■ HOW TO COMPLETE THIS TASK:
Reproduce, exactly, the lines of the material below from the line containing "MaxMara Studio Pink" through the line containing "La charla ‘Acercando", with both end lines included and nothing else.
*** DATASET CONTENT ***
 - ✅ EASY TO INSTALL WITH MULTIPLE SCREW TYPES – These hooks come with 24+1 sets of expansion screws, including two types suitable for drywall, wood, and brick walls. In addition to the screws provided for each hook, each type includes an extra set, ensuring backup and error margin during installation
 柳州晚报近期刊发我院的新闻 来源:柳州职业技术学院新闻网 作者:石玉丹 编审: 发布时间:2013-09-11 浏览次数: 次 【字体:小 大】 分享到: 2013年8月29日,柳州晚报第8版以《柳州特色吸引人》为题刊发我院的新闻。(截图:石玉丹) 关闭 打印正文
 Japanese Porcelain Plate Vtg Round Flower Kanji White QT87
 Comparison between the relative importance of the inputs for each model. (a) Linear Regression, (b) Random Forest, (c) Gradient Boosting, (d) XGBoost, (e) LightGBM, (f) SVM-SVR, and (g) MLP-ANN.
*** End of DATASET CONTENT ***
*** DATASET CONTENT ***
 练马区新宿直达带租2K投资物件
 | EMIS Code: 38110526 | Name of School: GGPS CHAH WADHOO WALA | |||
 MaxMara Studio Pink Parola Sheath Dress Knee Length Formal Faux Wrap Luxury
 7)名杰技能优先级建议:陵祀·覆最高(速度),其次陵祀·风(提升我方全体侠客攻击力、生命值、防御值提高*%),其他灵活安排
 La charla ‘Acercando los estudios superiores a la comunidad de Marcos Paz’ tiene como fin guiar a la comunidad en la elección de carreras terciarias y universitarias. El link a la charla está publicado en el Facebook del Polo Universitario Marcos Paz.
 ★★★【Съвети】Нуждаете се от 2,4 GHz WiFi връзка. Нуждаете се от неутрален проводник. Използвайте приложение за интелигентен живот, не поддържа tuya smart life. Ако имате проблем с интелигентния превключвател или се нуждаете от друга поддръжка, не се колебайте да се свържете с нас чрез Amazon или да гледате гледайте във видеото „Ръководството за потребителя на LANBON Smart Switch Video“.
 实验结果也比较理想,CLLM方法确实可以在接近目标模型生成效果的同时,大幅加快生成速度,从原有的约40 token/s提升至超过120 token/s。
*** End of DATASET CONTENT ***
*** DATASET CONTENT ***
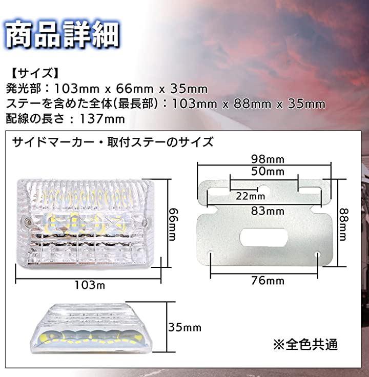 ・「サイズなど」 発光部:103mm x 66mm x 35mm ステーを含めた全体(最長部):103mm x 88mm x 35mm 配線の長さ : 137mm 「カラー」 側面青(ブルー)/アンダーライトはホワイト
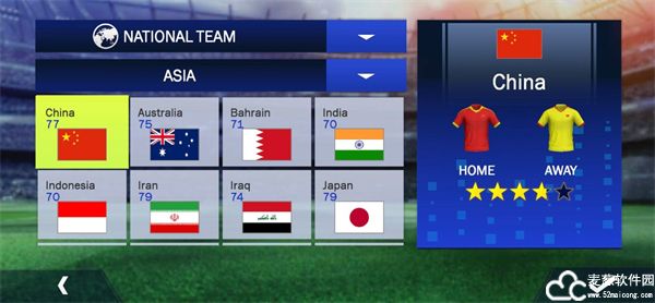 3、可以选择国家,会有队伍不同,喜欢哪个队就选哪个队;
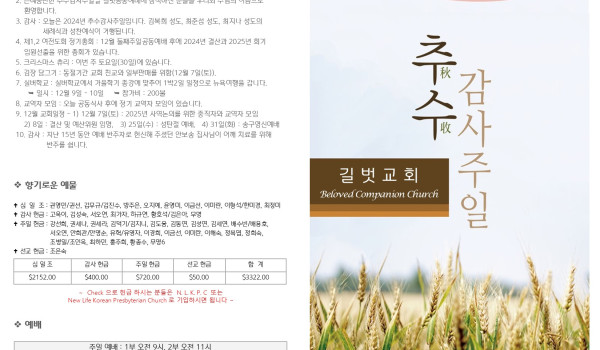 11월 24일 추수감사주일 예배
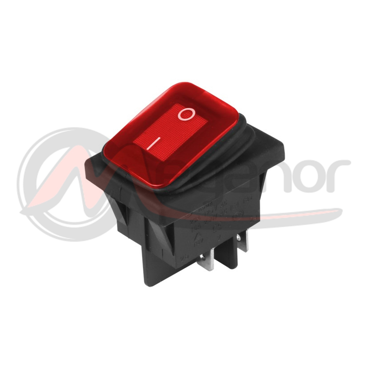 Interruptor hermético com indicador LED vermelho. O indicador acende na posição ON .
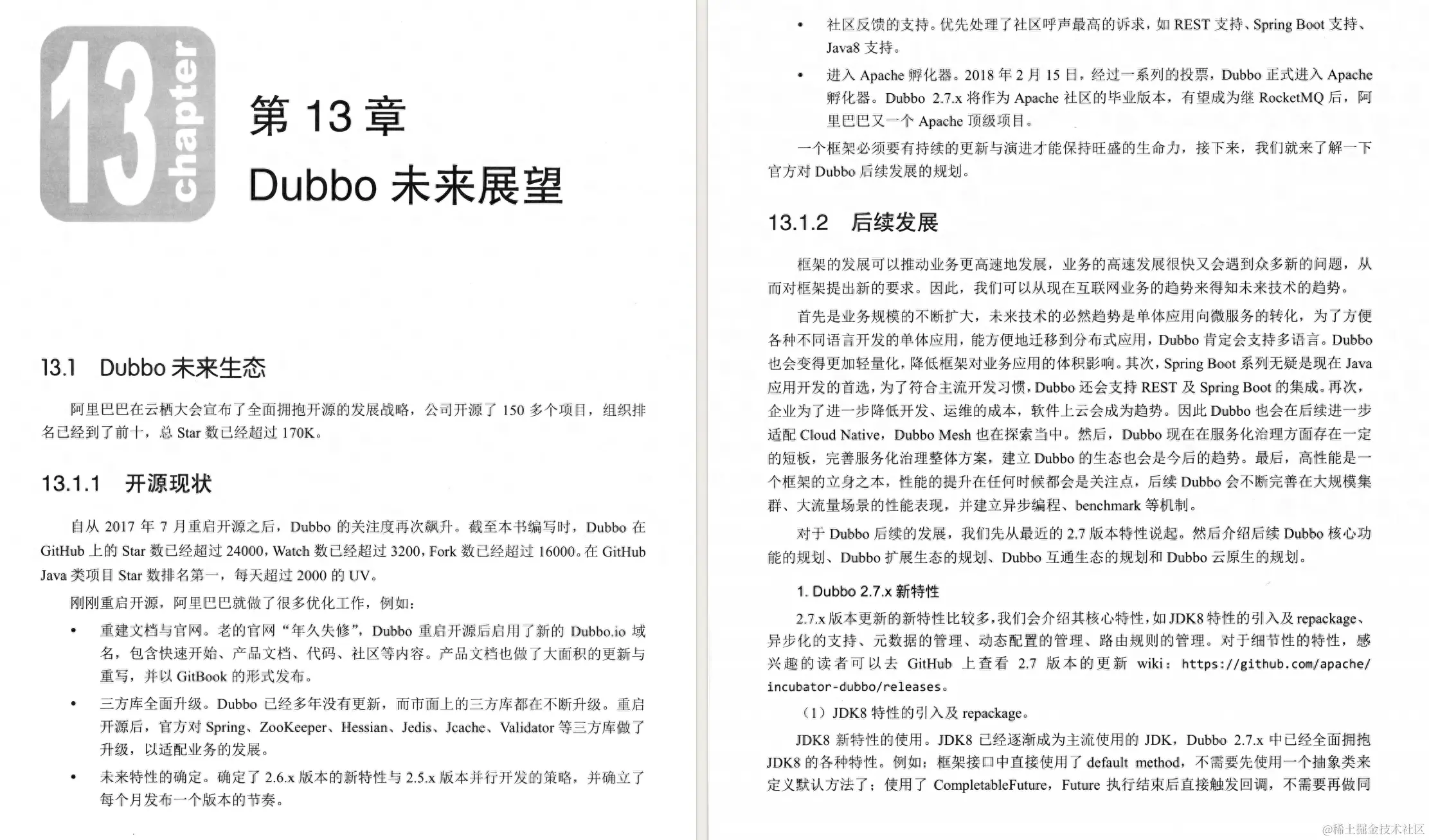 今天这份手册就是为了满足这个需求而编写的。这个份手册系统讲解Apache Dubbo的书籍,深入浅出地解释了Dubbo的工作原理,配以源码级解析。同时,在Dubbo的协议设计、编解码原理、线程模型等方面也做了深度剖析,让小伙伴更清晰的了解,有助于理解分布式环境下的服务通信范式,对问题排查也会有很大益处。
*** End of DATASET CONTENT ***
■ RESPONSE BOX:
 MaxMara Studio Pink Parola Sheath Dress Knee Length Formal Faux Wrap Luxury
 7)名杰技能优先级建议:陵祀·覆最高(速度),其次陵祀·风(提升我方全体侠客攻击力、生命值、防御值提高*%),其他灵活安排
 La charla ‘Acercando los estudios superiores a la comunidad de Marcos Paz’ tiene como fin guiar a la comunidad en la elección de carreras terciarias y universitarias. El link a la charla está publicado en el Facebook del Polo Universitario Marcos Paz.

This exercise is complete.